What led me to believe it’s the usual suspects (i.e. hyperparameters) is after I checked for NaNs either in the RBN module or just the loss. It turned out that the number of batchs it goes varied with the hyperparameters. Also, printing the weight magnitudes (just `print([(n,p.abs().max().item()) for n,p in learn.model.named_parameters])`

after each minibatch had suspicious results.)

That’s exciting! I think this is the first successful training of rbn with skipping!

This should replace nn.BatchNorm2d after it is done.

How would we adapt this to work in place of BatchNorm1d/3d?

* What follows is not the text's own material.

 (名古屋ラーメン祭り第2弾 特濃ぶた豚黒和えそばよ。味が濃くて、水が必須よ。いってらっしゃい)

If you change the shapes to be 3d or 5d, and adjust taking mean and var over dimensions `0, 2`

or `0, 2, 3, 4`

, it’ll do the right thing. Fun fact: BatchNorm in PyTorch reduces to the “BatchNorm1d” case internally.

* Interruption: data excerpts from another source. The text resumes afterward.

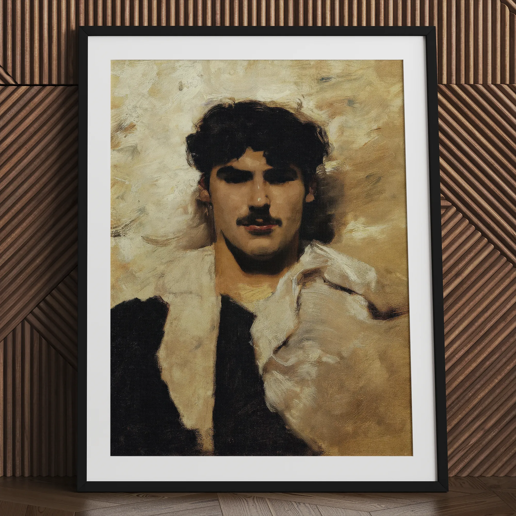 Sargent "Testa di un modello maschile" è inondata di talento grezzo. Una dimostrazione virtuosa di abilità olio su tela che farà ballare i tuoi occhi. Questo non è solo un ritratto; è un manifesto di ciò che la pittura può fare quando viene spinta al limite. Il volto del modello emerge da un vortice di ocra e terra d'ombra, i suoi occhi scuri come due buchi neri che ti attirano nella loro orbita. E quei baffi — non sono solo peli facciali. È una dichiarazione di mascolinità ardente resa in pigmento.
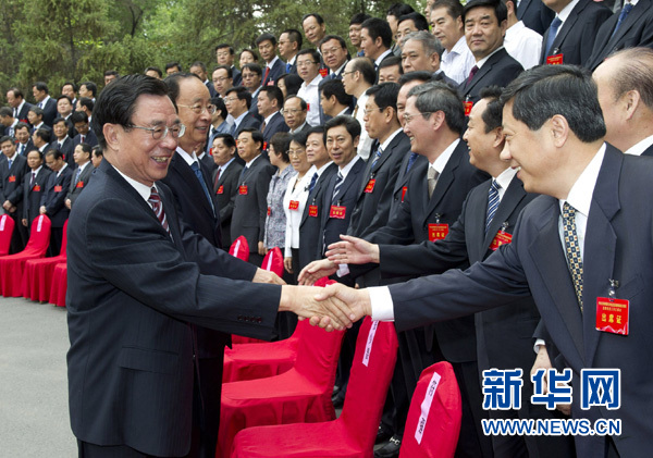 中共中央政治局常委、中央纪委书记贺国强出席会议并讲话。这是贺国强在会前接见与会人员。
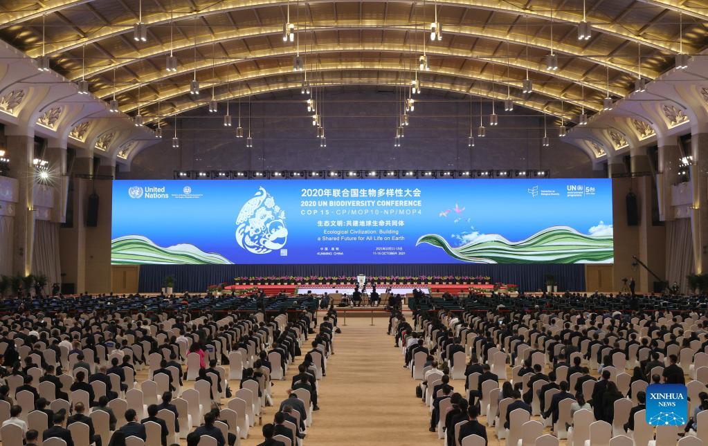 Photo taken on Oct. 12, 2021 shows the leaders' summit of the 15th meeting of the Conference of the Parties to the Convention on Biological Diversity (COP15) held in Kunming, southwest China's Yunnan Province. (Xinhua/Jin Liwang)

HI,I run the code from beginning of lesson 11…However , the error is raised,The only thing that I change is :

```
tensor(0.) to torch.tensor(0.)
```

The code :

```
class RunningBatchNorm(nn.Module):
def __init__(self, nf, mom=0.1, eps=1e-5):
super().__init__()
self.mom,self.eps = mom,eps
self.mults = nn.Parameter(torch.ones (nf,1,1))
self.adds = nn.Parameter(torch.zeros(nf,1,1))
self.register_buffer('sums', torch.zeros(1,nf,1,1))
self.register_buffer('sqrs', torch.zeros(1,nf,1,1))
self.register_buffer('count', torch.tensor(0.))
self.register_buffer('factor', torch.tensor(0.))
self.register_buffer('offset', torch.tensor(0.))
self.batch = 0
def update_stats(self, x):
bs,nc,*_ = x.shape
self.sums.detach_()
self.sqrs.detach_()
dims = (0,2,3)
s = x.sum(dims, keepdim=True)
ss = (x*x).sum(dims, keepdim=True)
c = s.new_tensor(x.numel()/nc)
mom1 = s.new_tensor(1 - (1-self.mom)/math.sqrt(bs-1))
self.sums.lerp_(s, mom1)
self.sqrs.lerp_(ss,mom1)
self.count.lerp_(c, mom1)
self.batch += bs
means = self.sums/self.count
varns = (self.sqrs/self.count).sub_(means*means)
if bool(self.batch<20):
varns.clamp_min_(0.01)
self.factor = self.mults/(varns+self.eps).sqrt()
self.offset = self.adds-means*self.factor
def forward(self, x):
if self.training:
self.update_stats(x)
return x*self.factor+self.offset
```

The error message something like :

one of the variables needed for gradient computation has been modified by an inplace operation: [torch.cuda.FloatTensor []] is at version 6; expected version 5 instead…

I suspect this error happens is because of this operation

```
self.count.lerp_(c, mom1)
```

But I don’t really have whole concept of this ,please check and help…

Thanks in advance and have a great day !!!